▸ **Provided records**
= = =

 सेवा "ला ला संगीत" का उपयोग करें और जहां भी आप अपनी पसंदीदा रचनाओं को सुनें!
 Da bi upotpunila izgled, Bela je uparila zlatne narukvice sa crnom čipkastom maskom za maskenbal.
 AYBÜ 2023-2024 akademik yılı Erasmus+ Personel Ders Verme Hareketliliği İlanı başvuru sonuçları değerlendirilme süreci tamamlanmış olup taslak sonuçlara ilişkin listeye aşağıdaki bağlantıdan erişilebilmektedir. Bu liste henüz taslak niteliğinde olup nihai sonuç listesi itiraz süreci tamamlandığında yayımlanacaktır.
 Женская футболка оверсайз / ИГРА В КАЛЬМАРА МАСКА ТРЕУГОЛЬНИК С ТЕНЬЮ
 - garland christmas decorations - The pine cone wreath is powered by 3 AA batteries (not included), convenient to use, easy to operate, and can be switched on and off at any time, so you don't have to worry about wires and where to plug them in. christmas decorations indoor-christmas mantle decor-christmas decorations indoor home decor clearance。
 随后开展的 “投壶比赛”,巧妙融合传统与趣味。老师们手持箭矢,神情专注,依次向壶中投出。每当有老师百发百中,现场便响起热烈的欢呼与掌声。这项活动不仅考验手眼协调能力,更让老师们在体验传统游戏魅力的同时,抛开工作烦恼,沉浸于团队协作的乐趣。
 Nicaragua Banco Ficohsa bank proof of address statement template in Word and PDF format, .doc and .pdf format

= = =

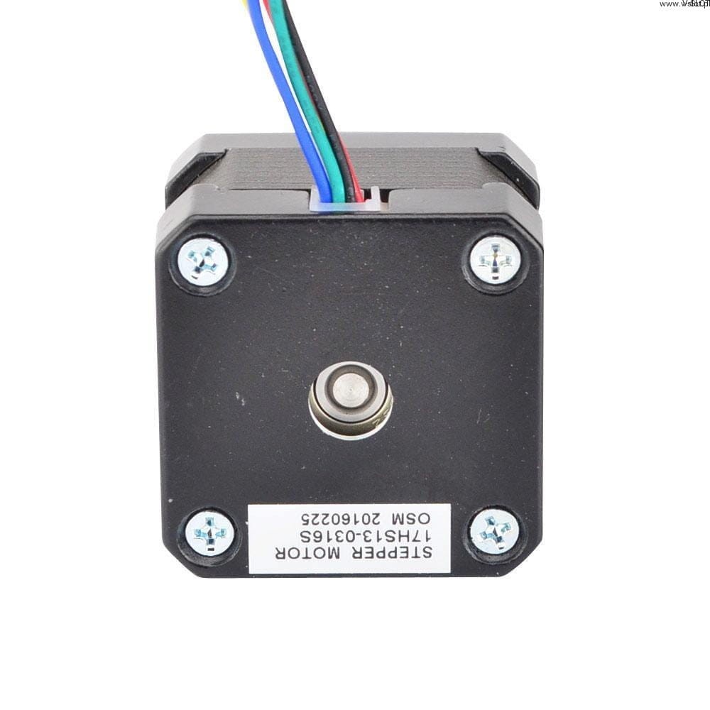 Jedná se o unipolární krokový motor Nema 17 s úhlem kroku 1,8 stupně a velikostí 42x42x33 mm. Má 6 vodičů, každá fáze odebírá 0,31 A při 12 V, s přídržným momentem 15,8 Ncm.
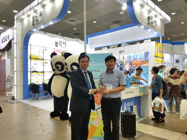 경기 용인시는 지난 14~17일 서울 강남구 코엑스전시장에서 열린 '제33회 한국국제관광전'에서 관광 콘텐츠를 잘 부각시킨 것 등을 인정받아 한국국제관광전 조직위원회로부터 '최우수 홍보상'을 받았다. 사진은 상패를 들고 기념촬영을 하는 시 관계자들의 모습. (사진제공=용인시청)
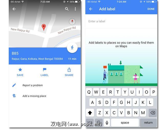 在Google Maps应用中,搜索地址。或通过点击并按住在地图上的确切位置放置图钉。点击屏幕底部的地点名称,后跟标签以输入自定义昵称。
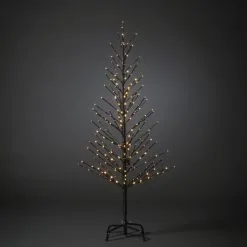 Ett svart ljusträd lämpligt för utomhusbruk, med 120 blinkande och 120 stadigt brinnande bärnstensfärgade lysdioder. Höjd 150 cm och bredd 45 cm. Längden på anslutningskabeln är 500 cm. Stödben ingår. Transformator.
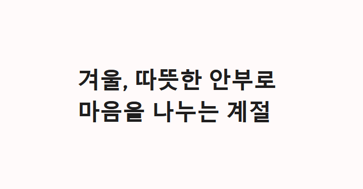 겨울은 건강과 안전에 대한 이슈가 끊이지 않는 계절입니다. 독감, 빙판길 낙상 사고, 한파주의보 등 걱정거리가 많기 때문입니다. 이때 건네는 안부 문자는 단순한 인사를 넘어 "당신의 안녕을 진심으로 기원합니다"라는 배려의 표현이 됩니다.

= = =

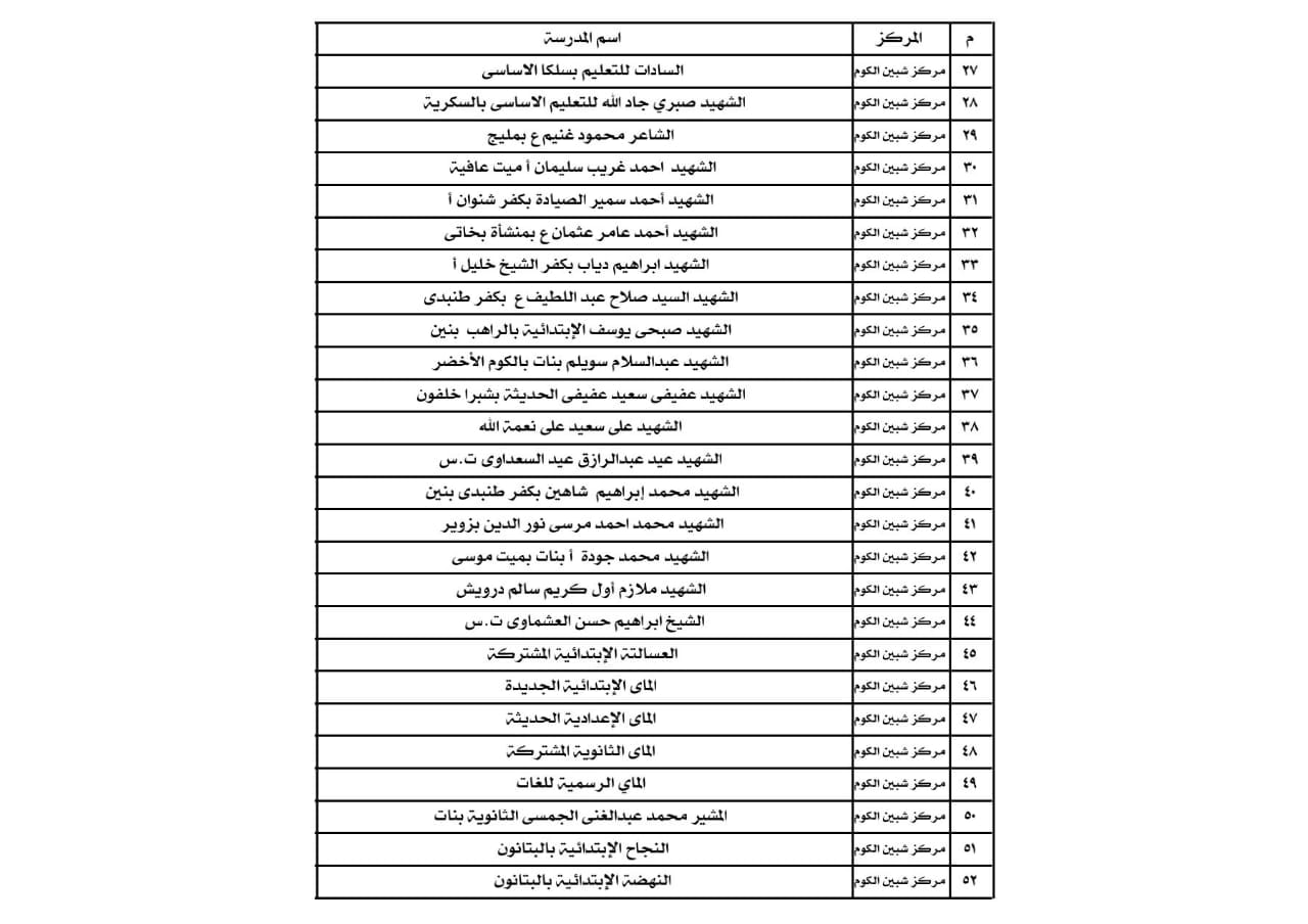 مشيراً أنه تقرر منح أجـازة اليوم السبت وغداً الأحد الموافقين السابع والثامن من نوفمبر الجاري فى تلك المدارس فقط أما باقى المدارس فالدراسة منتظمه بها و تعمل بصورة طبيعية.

= = =

Using the data above, extract exactly the lines from the one that holds "रचनाओं को सुनें!" to the one that holds "Nicaragua Banco Ficohsa", both ends included, and no others.

▸ **Your response**
 सेवा "ला ला संगीत" का उपयोग करें और जहां भी आप अपनी पसंदीदा रचनाओं को सुनें!
 Da bi upotpunila izgled, Bela je uparila zlatne narukvice sa crnom čipkastom maskom za maskenbal.
 AYBÜ 2023-2024 akademik yılı Erasmus+ Personel Ders Verme Hareketliliği İlanı başvuru sonuçları değerlendirilme süreci tamamlanmış olup taslak sonuçlara ilişkin listeye aşağıdaki bağlantıdan erişilebilmektedir. Bu liste henüz taslak niteliğinde olup nihai sonuç listesi itiraz süreci tamamlandığında yayımlanacaktır.
 Женская футболка оверсайз / ИГРА В КАЛЬМАРА МАСКА ТРЕУГОЛЬНИК С ТЕНЬЮ
 - garland christmas decorations - The pine cone wreath is powered by 3 AA batteries (not included), convenient to use, easy to operate, and can be switched on and off at any time, so you don't have to worry about wires and where to plug them in. christmas decorations indoor-christmas mantle decor-christmas decorations indoor home decor clearance。
 随后开展的 “投壶比赛”,巧妙融合传统与趣味。老师们手持箭矢,神情专注,依次向壶中投出。每当有老师百发百中,现场便响起热烈的欢呼与掌声。这项活动不仅考验手眼协调能力,更让老师们在体验传统游戏魅力的同时,抛开工作烦恼,沉浸于团队协作的乐趣。
 Nicaragua Banco Ficohsa bank proof of address statement template in Word and PDF format, .doc and .pdf format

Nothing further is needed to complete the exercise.